Tabular Learning: Encoding for Entity and Context Embeddings
Fredy Reusser
TL;DR
This work investigates how different encoding techniques for categorical features influence entity and context embeddings in tabular learning. By discretizing continuous features with a decision-tree-based method and evaluating both an entity embedding model and a Transformer-based context model across 10 UCI datasets, it benchmarks multiple encoders beyond the common ordinal approach. The findings show that string similarity encoding often outperforms ordinal encoding, especially in multi-label tasks, albeit with higher training cost for high-cardinality features; the context model also benefits from alternative encodings.
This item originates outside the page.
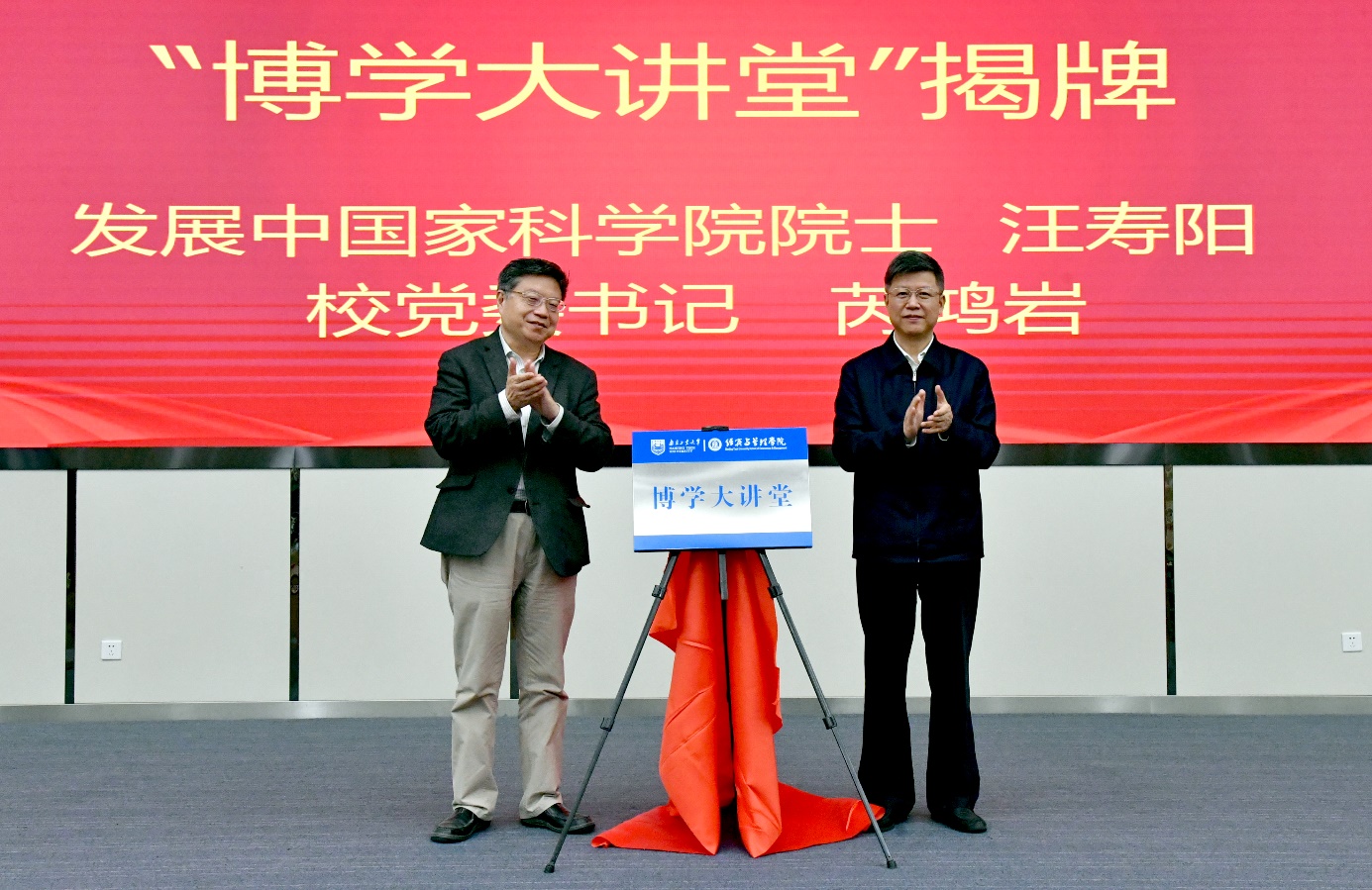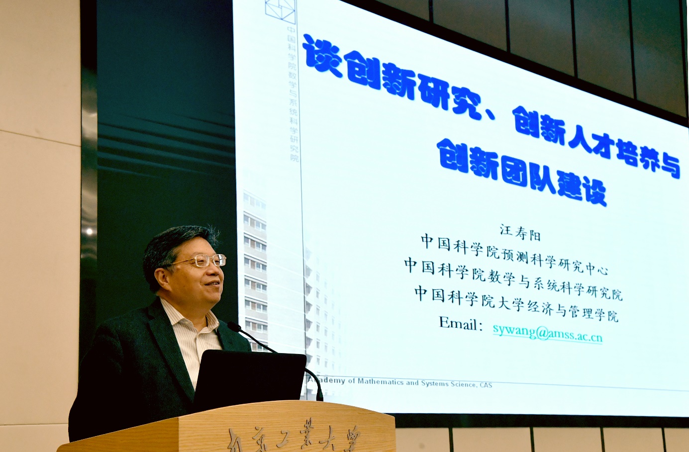 随后,汪寿阳院士与芮鸿岩书记共同为经管“博学大讲堂”揭牌。最后,汪寿阳院士做“博学大讲堂”第一期报告“创新研究、创新人才培养与创新团队建设”。他结合自己以及身边同事们在创新研究、人才培养和团队建设方面的切实经历,以活灵活现故事的形式给与会师生做了一场生动有趣的学术报告。

These results inform preprocessing choices for neural/tabular architectures and point to directions for future exploration of encoder effects on embeddings and model behavior.
Abstract
Examining the effect of different encoding techniques on entity and context embeddings, the goal of this work is to challenge commonly used Ordinal encoding for tabular learning. Applying different preprocessing methods and network architectures over several datasets resulted in a benchmark on how the encoders influence the learning outcome of the networks. By keeping the test, validation and training data consistent, results have shown that ordinal encoding is not the most suited encoder for categorical data in terms of preprocessing the data and thereafter, classifying the target variable correctly. A better outcome was achieved, encoding the features based on string similarities by computing a similarity matrix as input for the network. This is the case for both, entity and context embeddings, where the transformer architecture showed improved performance for Ordinal and Similarity encoding with regard to multi-label classification tasks.